Fallsway questioned city officials in 1999 about not receiving a tax break. The city couldn’t offer the tax abatement under state law because Fallsway — which sells and services work trucks, cranes, wreckers and forklifts — already had built its facility, according to the newspaper’s files.

The city offered a different deal: tax-increment financing; a tax break equal to the value of the abatement that would grant a 75-percent, 15-year tax break.

But that proposal hit a roadblock because a tax break of 15 years needs approval from the city’s board of education. The board objected, and the state tax commissioner ruled in favor of the school system in 2003.

Councilwoman Carol Rimedio-Righetti, D-4th, whose ward includes Fallsway, recently persuaded the school board to agree to the tax deal for the company.

Council will vote Monday to start the 15-year tax break this year.

Fallsway would save about $8,000 annually in taxes, said city Finance Director David Bozanich.

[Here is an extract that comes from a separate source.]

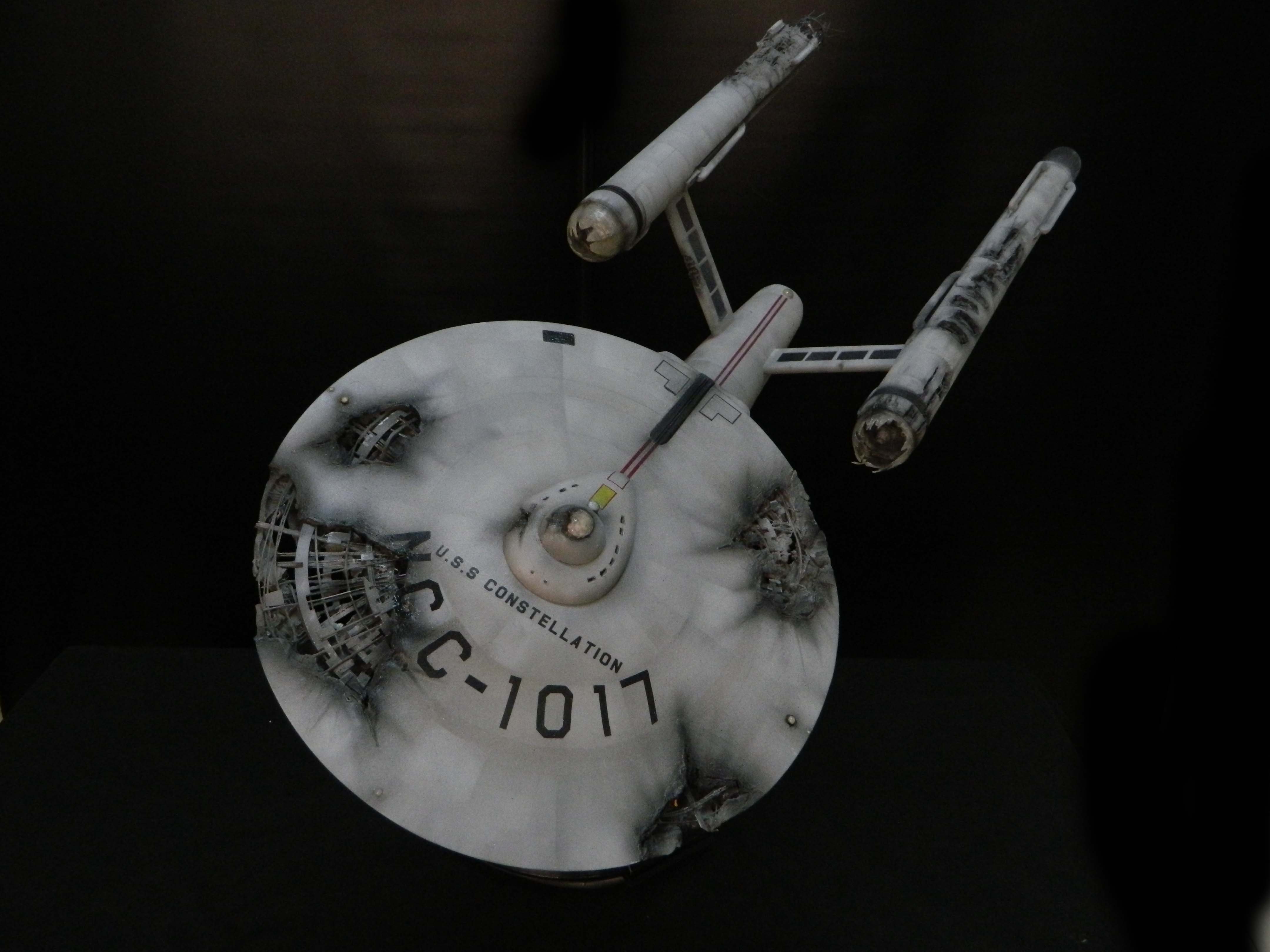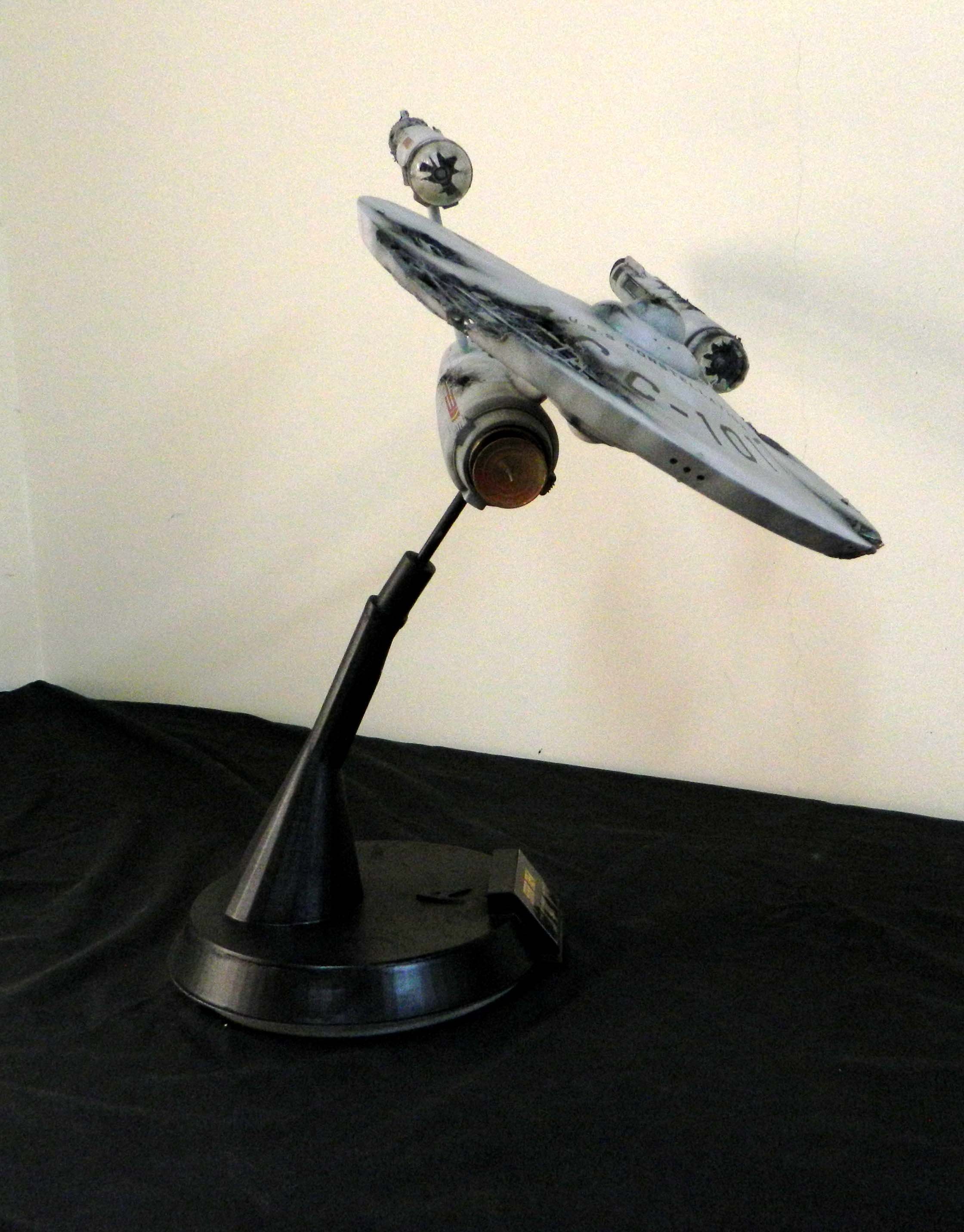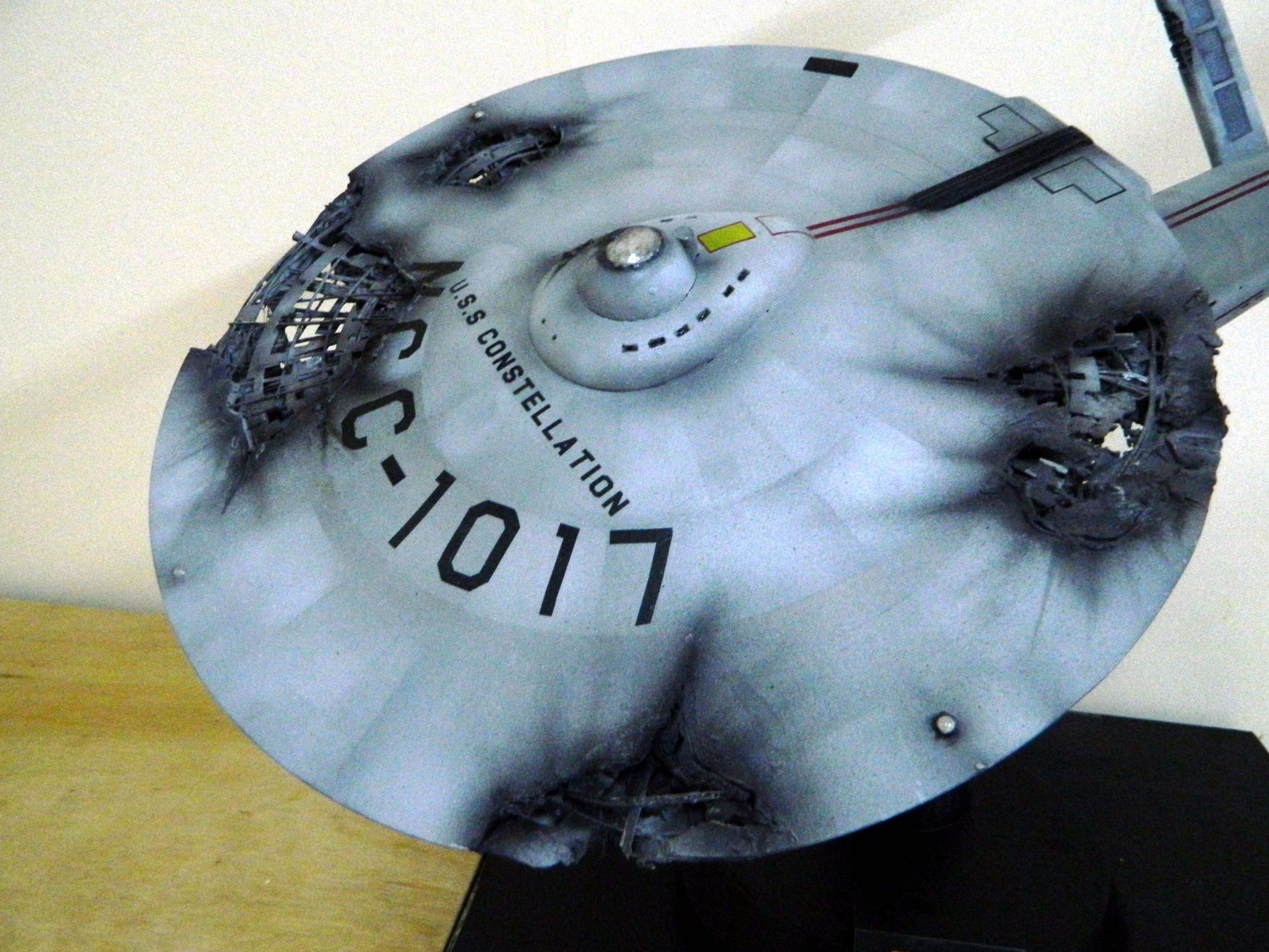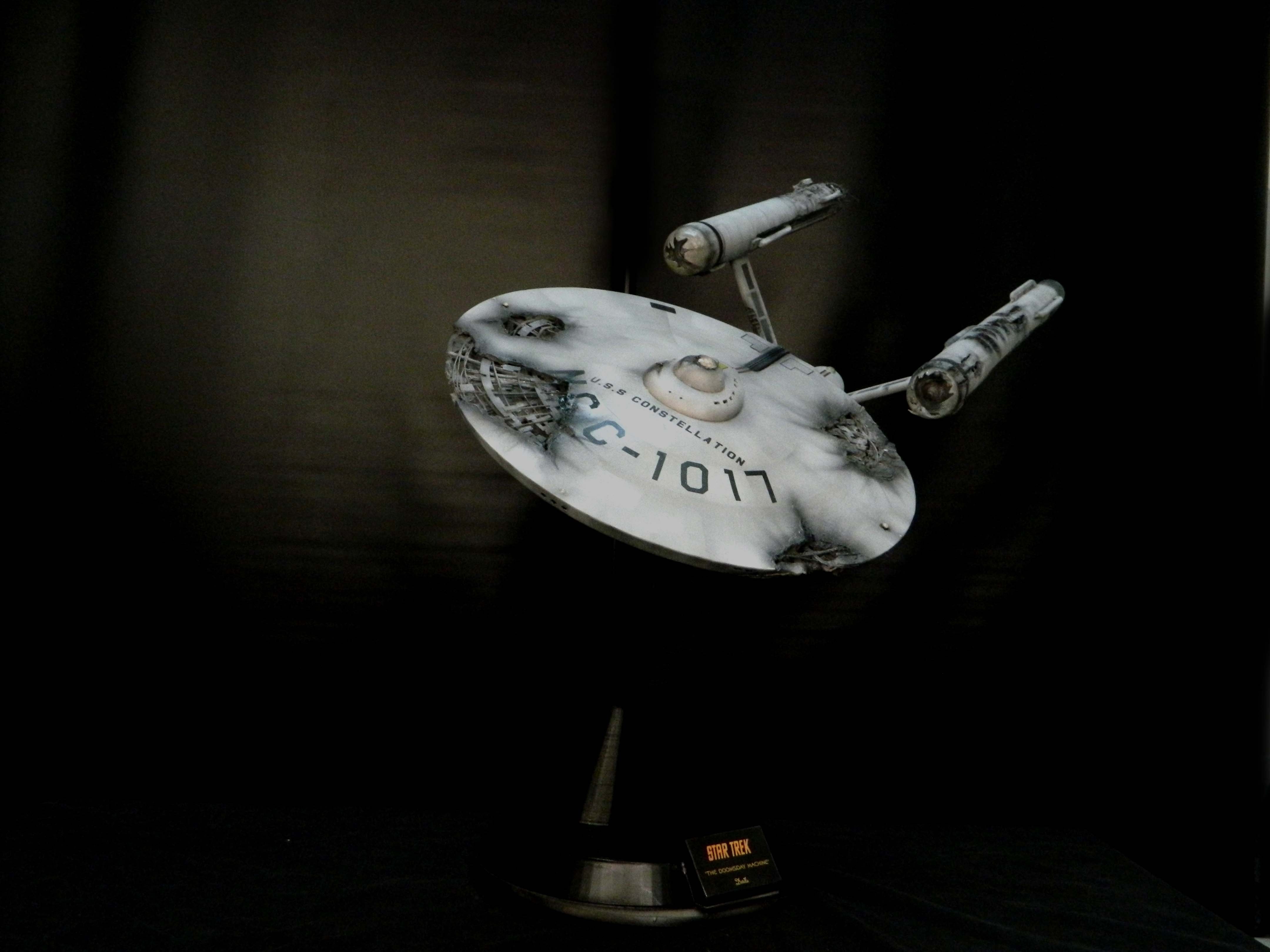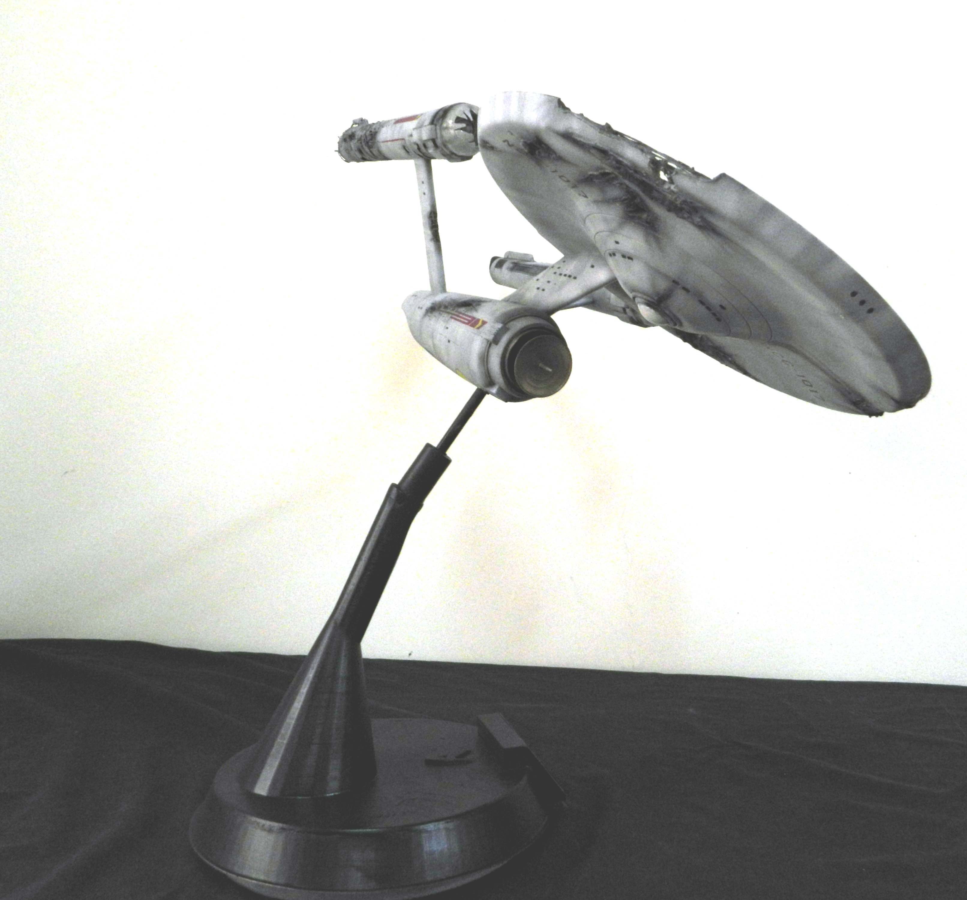 The USS Constellation has always stuck in my mind. The Planet Killer nearly destroyer her, and was eventually destroyed by her. The wreckage we saw in the original series was a simple AMT Model kit. When the HD version came out, the digital model makers for that series really upped what we viewed of this Starship. The twisted metal girders, and sparks… along with open voids of saucer section that leave a chill on my skin ever time I view it. Artist Paul Craggs captured those HD moments greatly in his own 3D printed work of art you see here, along with Paul’s wife in the photos for scale… (or the second model in the photos… heh heh). 😉 The Starship is even sitting on a tilt… as it should be. Beautifully completed.

Fallsway officials referred comment Friday to Greg Fairhurst, the company’s president. Fairhurst couldn’t be reached to comment by The Vindicator.

Also Monday, council’s public utilities committee will meet to discuss a proposed capital-improvement project at Meander Water, the former Mahoning Valley Sanitary District, which Youngstown co-owns with Niles. The district provides water from Meander Reservoir for about 250,000 residents in Mahoning and Trumbull counties.

The committee also will review the results of a study conducted on improvement work needed by the city’s wastewater system, Bozanich said.

The study calls for an increase in wastewater fees to pay for improvement projects, he said.

The details of the study also will be released Monday.